◆ What is needed: All of the listing should be output exactly, apart from the pictures.

◆ Given information:
== Segment start ==

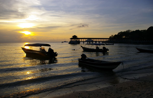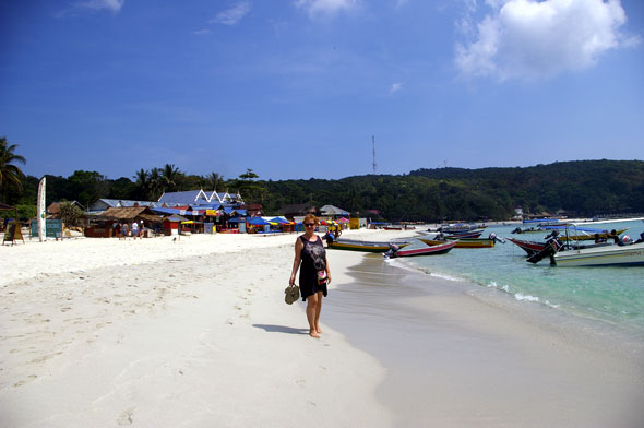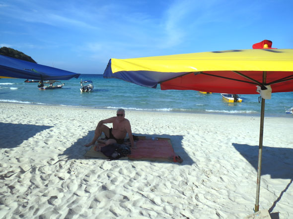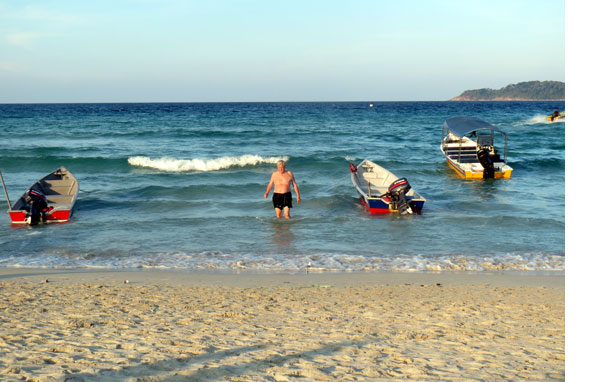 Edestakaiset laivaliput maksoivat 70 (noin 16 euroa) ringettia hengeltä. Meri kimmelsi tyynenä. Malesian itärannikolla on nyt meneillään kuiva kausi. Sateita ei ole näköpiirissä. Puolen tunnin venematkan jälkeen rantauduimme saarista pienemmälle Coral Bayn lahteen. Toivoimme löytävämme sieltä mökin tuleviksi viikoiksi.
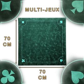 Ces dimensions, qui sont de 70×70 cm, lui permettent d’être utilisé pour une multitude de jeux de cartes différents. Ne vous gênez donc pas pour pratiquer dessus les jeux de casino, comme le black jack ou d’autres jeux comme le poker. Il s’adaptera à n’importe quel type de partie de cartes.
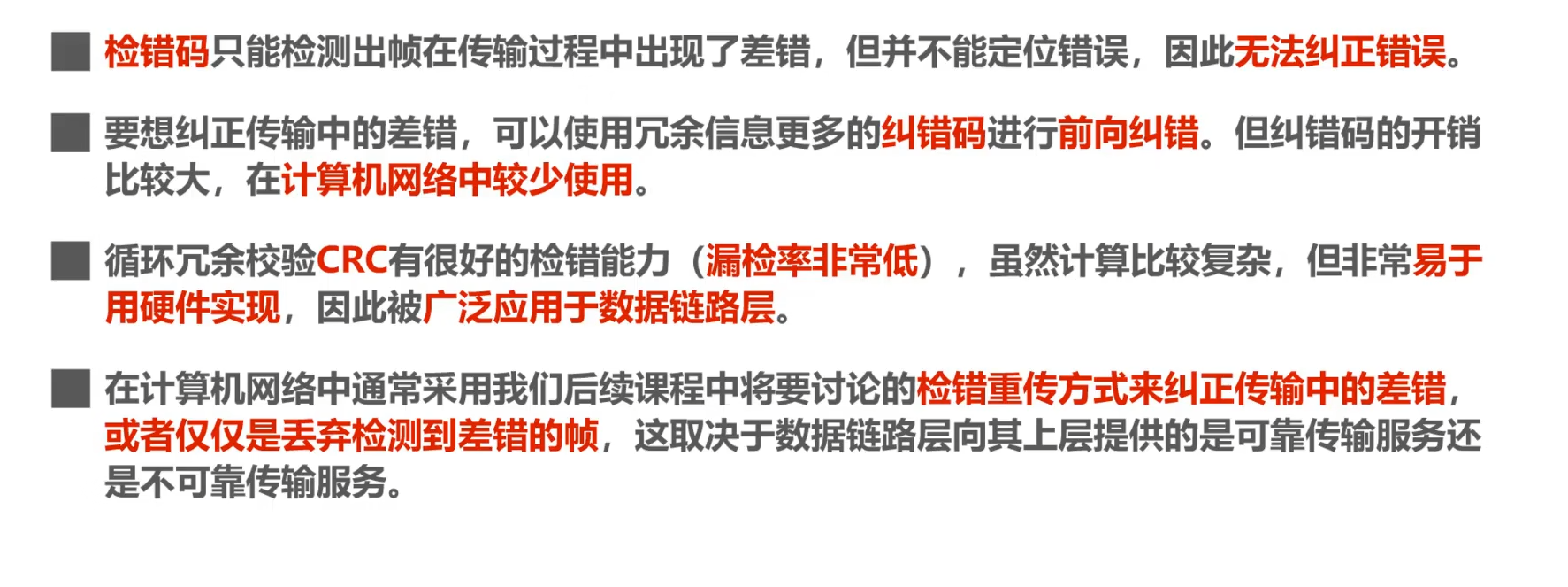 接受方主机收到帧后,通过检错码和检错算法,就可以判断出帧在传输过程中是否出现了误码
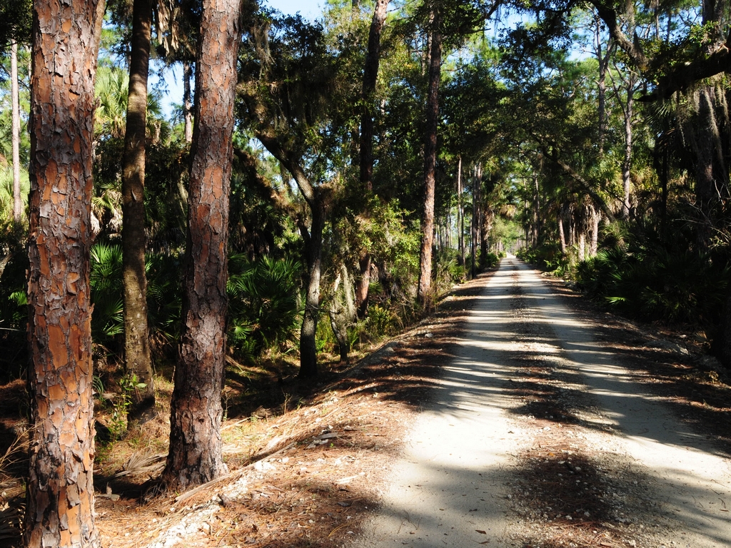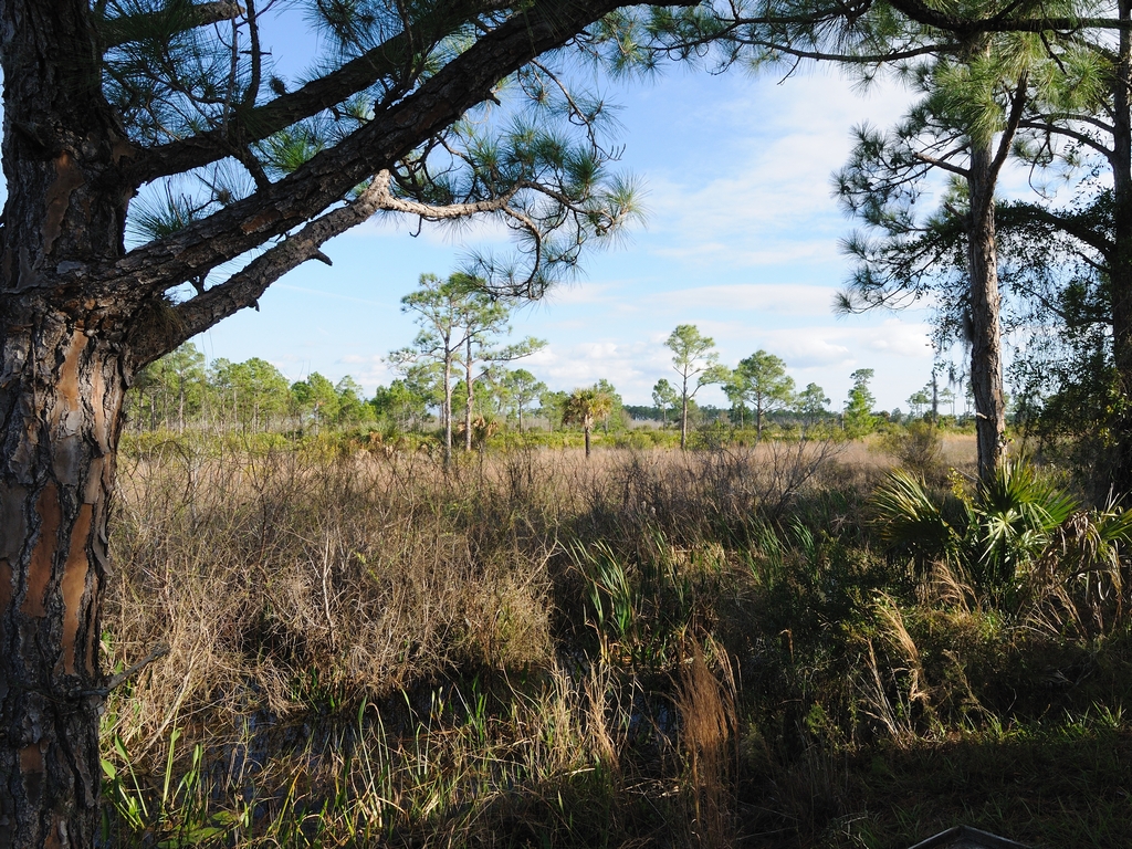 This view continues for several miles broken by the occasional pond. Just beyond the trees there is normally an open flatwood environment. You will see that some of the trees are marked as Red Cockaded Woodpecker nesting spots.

== Segment end ==

◆ Exercise output:
 Edestakaiset laivaliput maksoivat 70 (noin 16 euroa) ringettia hengeltä. Meri kimmelsi tyynenä. Malesian itärannikolla on nyt meneillään kuiva kausi. Sateita ei ole näköpiirissä. Puolen tunnin venematkan jälkeen rantauduimme saarista pienemmälle Coral Bayn lahteen. Toivoimme löytävämme sieltä mökin tuleviksi viikoiksi.
 Ces dimensions, qui sont de 70×70 cm, lui permettent d’être utilisé pour une multitude de jeux de cartes différents. Ne vous gênez donc pas pour pratiquer dessus les jeux de casino, comme le black jack ou d’autres jeux comme le poker. Il s’adaptera à n’importe quel type de partie de cartes.
 接受方主机收到帧后,通过检错码和检错算法,就可以判断出帧在传输过程中是否出现了误码
 This view continues for several miles broken by the occasional pond. Just beyond the trees there is normally an open flatwood environment. You will see that some of the trees are marked as Red Cockaded Woodpecker nesting spots.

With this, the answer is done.